> [WHAT YOU ARE ASKED TO DO] So that nothing is lost, restate each entry exactly as supplied.

>>>

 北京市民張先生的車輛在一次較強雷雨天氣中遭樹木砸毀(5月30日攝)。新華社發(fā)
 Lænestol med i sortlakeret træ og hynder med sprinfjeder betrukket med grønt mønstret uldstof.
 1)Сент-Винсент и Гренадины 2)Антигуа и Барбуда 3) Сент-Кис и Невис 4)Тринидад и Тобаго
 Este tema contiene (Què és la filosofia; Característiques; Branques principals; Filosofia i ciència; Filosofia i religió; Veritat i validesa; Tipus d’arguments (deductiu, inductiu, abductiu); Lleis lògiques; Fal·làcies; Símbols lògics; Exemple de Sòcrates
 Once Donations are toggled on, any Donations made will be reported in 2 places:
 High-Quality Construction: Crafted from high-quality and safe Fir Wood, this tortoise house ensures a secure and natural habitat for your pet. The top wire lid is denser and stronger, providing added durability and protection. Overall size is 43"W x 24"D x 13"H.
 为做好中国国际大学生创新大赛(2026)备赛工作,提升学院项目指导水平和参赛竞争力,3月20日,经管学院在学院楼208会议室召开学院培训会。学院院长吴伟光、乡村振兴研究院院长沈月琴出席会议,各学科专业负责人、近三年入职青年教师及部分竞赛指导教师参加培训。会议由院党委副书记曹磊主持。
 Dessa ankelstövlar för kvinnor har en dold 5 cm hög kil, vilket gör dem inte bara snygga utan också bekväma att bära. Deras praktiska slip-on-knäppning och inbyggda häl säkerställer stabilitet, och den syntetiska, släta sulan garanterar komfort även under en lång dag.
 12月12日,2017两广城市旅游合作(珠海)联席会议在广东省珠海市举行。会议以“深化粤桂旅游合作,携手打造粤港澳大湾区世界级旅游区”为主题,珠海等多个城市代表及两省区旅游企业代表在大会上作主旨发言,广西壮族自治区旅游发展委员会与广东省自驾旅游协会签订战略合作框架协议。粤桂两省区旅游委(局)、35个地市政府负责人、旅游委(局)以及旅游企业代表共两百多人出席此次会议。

<<<

> [SOLVED EXERCISE]
 北京市民張先生的車輛在一次較強雷雨天氣中遭樹木砸毀(5月30日攝)。新華社發(fā)
 Lænestol med i sortlakeret træ og hynder med sprinfjeder betrukket med grønt mønstret uldstof.
 1)Сент-Винсент и Гренадины 2)Антигуа и Барбуда 3) Сент-Кис и Невис 4)Тринидад и Тобаго
 Este tema contiene (Què és la filosofia; Característiques; Branques principals; Filosofia i ciència; Filosofia i religió; Veritat i validesa; Tipus d’arguments (deductiu, inductiu, abductiu); Lleis lògiques; Fal·làcies; Símbols lògics; Exemple de Sòcrates
 Once Donations are toggled on, any Donations made will be reported in 2 places:
 High-Quality Construction: Crafted from high-quality and safe Fir Wood, this tortoise house ensures a secure and natural habitat for your pet. The top wire lid is denser and stronger, providing added durability and protection. Overall size is 43"W x 24"D x 13"H.
 为做好中国国际大学生创新大赛(2026)备赛工作,提升学院项目指导水平和参赛竞争力,3月20日,经管学院在学院楼208会议室召开学院培训会。学院院长吴伟光、乡村振兴研究院院长沈月琴出席会议,各学科专业负责人、近三年入职青年教师及部分竞赛指导教师参加培训。会议由院党委副书记曹磊主持。
 Dessa ankelstövlar för kvinnor har en dold 5 cm hög kil, vilket gör dem inte bara snygga utan också bekväma att bära. Deras praktiska slip-on-knäppning och inbyggda häl säkerställer stabilitet, och den syntetiska, släta sulan garanterar komfort även under en lång dag.
 12月12日,2017两广城市旅游合作(珠海)联席会议在广东省珠海市举行。会议以“深化粤桂旅游合作,携手打造粤港澳大湾区世界级旅游区”为主题,珠海等多个城市代表及两省区旅游企业代表在大会上作主旨发言,广西壮族自治区旅游发展委员会与广东省自驾旅游协会签订战略合作框架协议。粤桂两省区旅游委(局)、35个地市政府负责人、旅游委(局)以及旅游企业代表共两百多人出席此次会议。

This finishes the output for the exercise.